I really had to go deep and try the best I could to divest myself of my excessive emotions and sense of betrayal regarding these losses and to see if I could recognize a greater pattern here that might help to both explain why this sort of platonic de-combustion and resident outsider status have been the norm for me to a greater or lesser degree for my entire life; as well as to aid in redirecting my tendency to hold onto my resentment and to chafe at the idea of complicity on my part.

It was like going from kindergarten to grad school in the space of a month.  To go from the knee-jerk, ego-based reaction of "Gimme all my stuff back!" and the histrionic outcry "How could you?  I've been such a loyal and generous friend!" to "Thank you and bless you for the gift of yourself and of this valuable lesson." and "Forgive me for not being more sensitive to and aware of what you were truly feeling."

Whoa.  If I were an odds maker in Vegas, my money would probably be on the other guy.  But the bout ain't over yet.

As is usually the case when deep thought is applied to any single area, there is often a ripple effect.  You don't notice it at first, but slowly you become aware that you are no longer defining your thoughts by one, small issue nor are you confined in your awareness of what it all means.

Suddenly, there is the realization that something quite beyond the scope of your stunted and prejudicial nature is enlightening you to great and noble truths.  It didn't come from you, but it exists within you; and it is only through the good sense you have to remain quiet and open that you actually notice it is there.

I believe in our vernacular 'it' is referred to as an "AH-HA" moment, or, in more classical terminology, an "EPIPHANY."  Either way when it happens it always brings a profound sense of peace even if the miraculous understanding comes bound in anguish.  The only significant challenges that result from these epiphanic episodes is to take whatever knowledge or understanding was gained and run with it.

I've had quite a few of these startling epiphanies recently, but not by accident.  I am not one of the blessed among us who walk with such a high and sparkling level of Grace that they see more with the eyes of their soul then with the ones lodged on either side of their nose, but I do have my moments and I don't mind at all that I have to work so hard for them.
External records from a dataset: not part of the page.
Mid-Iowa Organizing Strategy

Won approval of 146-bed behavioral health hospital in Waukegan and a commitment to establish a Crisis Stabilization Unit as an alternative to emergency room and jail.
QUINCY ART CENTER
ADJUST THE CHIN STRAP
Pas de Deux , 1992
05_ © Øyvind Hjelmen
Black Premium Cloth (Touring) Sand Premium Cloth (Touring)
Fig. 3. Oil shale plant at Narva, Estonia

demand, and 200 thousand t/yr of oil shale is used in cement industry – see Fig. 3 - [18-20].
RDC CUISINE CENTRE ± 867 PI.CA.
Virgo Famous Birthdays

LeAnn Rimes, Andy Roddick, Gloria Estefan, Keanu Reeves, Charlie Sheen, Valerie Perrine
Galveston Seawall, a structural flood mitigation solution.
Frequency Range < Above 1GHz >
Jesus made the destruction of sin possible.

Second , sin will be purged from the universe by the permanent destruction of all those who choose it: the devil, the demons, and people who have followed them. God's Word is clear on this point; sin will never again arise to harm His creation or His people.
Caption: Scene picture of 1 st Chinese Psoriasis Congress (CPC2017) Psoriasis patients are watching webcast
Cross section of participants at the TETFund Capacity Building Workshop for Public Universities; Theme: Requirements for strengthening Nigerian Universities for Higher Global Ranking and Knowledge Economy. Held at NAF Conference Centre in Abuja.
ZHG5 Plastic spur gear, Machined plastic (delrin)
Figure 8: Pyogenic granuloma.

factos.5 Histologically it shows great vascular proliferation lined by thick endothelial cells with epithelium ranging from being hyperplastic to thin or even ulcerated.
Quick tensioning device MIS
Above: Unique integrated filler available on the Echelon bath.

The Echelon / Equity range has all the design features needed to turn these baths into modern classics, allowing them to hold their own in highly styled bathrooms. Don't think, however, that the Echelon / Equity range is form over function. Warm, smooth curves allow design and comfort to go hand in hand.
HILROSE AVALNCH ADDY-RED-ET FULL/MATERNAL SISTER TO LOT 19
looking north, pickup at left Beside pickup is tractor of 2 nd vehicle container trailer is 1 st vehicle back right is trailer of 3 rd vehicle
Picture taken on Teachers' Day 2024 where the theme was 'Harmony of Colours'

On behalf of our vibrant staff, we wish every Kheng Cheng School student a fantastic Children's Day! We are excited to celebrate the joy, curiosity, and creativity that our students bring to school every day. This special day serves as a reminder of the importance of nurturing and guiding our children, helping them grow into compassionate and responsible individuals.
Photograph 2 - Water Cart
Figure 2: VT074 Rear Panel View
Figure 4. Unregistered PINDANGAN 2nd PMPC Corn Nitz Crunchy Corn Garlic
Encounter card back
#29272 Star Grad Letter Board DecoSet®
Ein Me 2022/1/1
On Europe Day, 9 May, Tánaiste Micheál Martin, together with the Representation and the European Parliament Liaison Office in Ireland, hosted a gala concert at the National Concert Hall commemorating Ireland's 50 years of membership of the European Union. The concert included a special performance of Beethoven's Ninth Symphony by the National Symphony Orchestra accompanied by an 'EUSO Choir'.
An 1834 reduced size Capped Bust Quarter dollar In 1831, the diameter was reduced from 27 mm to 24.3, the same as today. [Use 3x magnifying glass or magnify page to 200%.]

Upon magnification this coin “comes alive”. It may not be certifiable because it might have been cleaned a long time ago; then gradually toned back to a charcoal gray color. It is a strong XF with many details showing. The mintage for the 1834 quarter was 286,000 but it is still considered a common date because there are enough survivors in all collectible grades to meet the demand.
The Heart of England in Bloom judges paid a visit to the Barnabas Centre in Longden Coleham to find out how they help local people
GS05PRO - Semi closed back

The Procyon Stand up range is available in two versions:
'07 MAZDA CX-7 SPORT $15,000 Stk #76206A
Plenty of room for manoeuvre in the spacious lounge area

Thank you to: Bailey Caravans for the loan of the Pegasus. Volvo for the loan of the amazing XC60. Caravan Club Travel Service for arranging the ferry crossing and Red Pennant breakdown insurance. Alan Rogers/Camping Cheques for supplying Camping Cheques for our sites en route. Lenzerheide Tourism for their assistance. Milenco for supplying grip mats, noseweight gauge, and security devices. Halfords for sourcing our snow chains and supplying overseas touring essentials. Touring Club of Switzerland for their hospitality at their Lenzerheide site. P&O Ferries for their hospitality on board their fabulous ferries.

 As my grandmother would say, "Struggle builds character."  Although she also convinced me not to alter my crooked tooth in spite of the way it photographs as a black void when I smile giving me that "Ma Kettle"-look because, she said, it gave me 'character'.  I suppose she was right if you like that back-woods-no-account-down-and-out appeal.  I think she must have meant that it would keep me humble and thereby create character.  I should have listened more closely.

But the process of finding and building character is universal.  It begins with our fallibility and that leads to mistakes, which bring on pain, that opens up wounds, which demand reckoning, that is either of human design or divine inspiration, which defines who we are, and it either builds character or propagates more mistakes.   The choice is always ours.

Right now my choice is to continue this in another blog, attention spans being what they are and all.  Hopefully, you get the idea being that I've been involved in a boxing match between growing up,  grasping wisdom and getting over it and the local earth favorite, getting angry and getting even.  I wish I could state unequivocally that the odds are in my favor, but in spite of my advanced years I still struggle with that impetuous, immature little bully whose taken too many blows to the head but still refuses to go to her corner of the ring, and every once in a while she lashes out with a left jab to sensibility and inner peace.